Optimization in row_purge_poss_sec Function for Undo Purge Process

Details

    Description

      I have report this performance issue to upstream. After review the code of mariadb, it seem mariadb has the same issue

      https://bugs.mysql.com/bug.php?id=115107

      Attachments

        Issue Links

          Activity

            Thank you! I missed this while working on MDEV-32050 and MDEV-33213. Thanks to MDEV-24402, it should be rather easy to confirm if there is any fault in your analysis that might cause secondary index records to be left behind. If the idea is correct, MDEV-17598 might become less critical.

            marko Marko Mäkelä added a comment - Thank you! I missed this while working on MDEV-32050 and MDEV-33213 . Thanks to MDEV-24402 , it should be rather easy to confirm if there is any fault in your analysis that might cause secondary index records to be left behind.

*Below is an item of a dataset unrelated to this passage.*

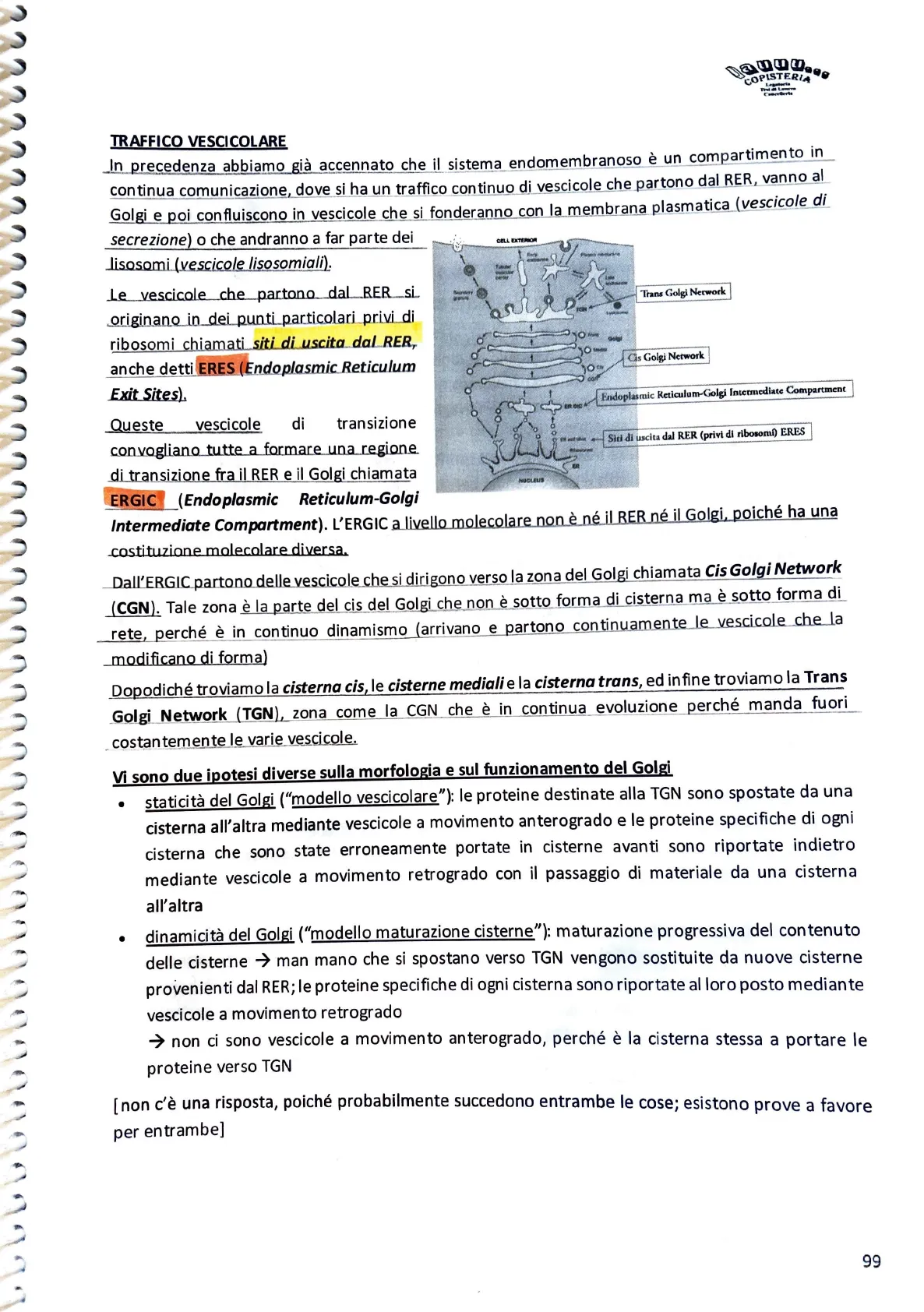 Trans Golgi Network Cis Golgi Network 100 1 Endoplasmic Reticulum-Golgi Intermediate Compartment Queste vescicole di transizione Siti di uscita dal RER (privi di ribosomi) ERES convogliano tutte a formare una regione di transizione fra il RER e il Golgi chiamata NUCLEUS ERGIC _(Endoplasmic Reticulum-Golgi Intermediate Compartment). L'ERGIC a livello molecolare non è né il RER né il Golgi, poiché ha una costituzione molecolare diversa.

If the idea is correct, MDEV-17598 might become less critical.
            baotiao zongzhi chen added a comment -

            Yes, It seems that adding transaction ID to per secondary index may cause huge space overhead.
            I was thinking only add max transaction ID to secondary index, that may not solve all of the 3 issue, but It can solve purge of transaction history, and implicit locking.

            baotiao zongzhi chen added a comment - Yes, It seems that adding transaction ID to per secondary index may cause huge space overhead. I was thinking only add max transaction ID to secondary index, that may not solve all of the 3 issue, but It can solve purge of transaction history, and implicit locking.

            baotiao, I implemented your idea as follows on top of MariaDB Server 10.6:

            diff --git a/storage/innobase/row/row0purge.cc b/storage/innobase/row/row0purge.cc
            index 4533b7166b7..8e2e6f8cd82 100644
            --- a/storage/innobase/row/row0purge.cc
            +++ b/storage/innobase/row/row0purge.cc
            @@ -305,11 +305,17 @@ row_purge_poss_sec(
             	mtr_t*		sec_mtr,
             	bool		is_tree)
             {
            +	ut_ad(index->is_btree() || index->is_spatial());
            +	ut_ad(!index->is_primary());
            +
            +	if (sec_pcur && !purge_sys.is_purgeable(
            +		    page_get_max_trx_id(btr_pcur_get_page(sec_pcur)))) {
            +		return false;
            +	}
            +
             	bool	can_delete;
             	mtr_t	mtr;
             
            -	ut_ad(!dict_index_is_clust(index));
            -
             	mtr_start(&mtr);
             
             	can_delete = !row_purge_reposition_pcur(BTR_SEARCH_LEAF, node, &mtr)
            

            We would have sec_pcur=nullptr if the caller is purge buffering, which after some refactoring in 10.6 would be btr_cur_t::search_leaf(). In that case the secondary index leaf page is not available in the buffer pool.

            I am not completely convinced about the correctness of this yet. As far as I can tell, row_vers_old_has_index_entry(also_curr=true, …) does not consider the secondary index leaf page header field PAGE_MAX_TRX_ID field at all. It just traverses the stack of clustered index record versions down to the oldest version that is visible in purge_sys.view. If no matching clustered index record is found, the secondary index record is deemed safe to purge.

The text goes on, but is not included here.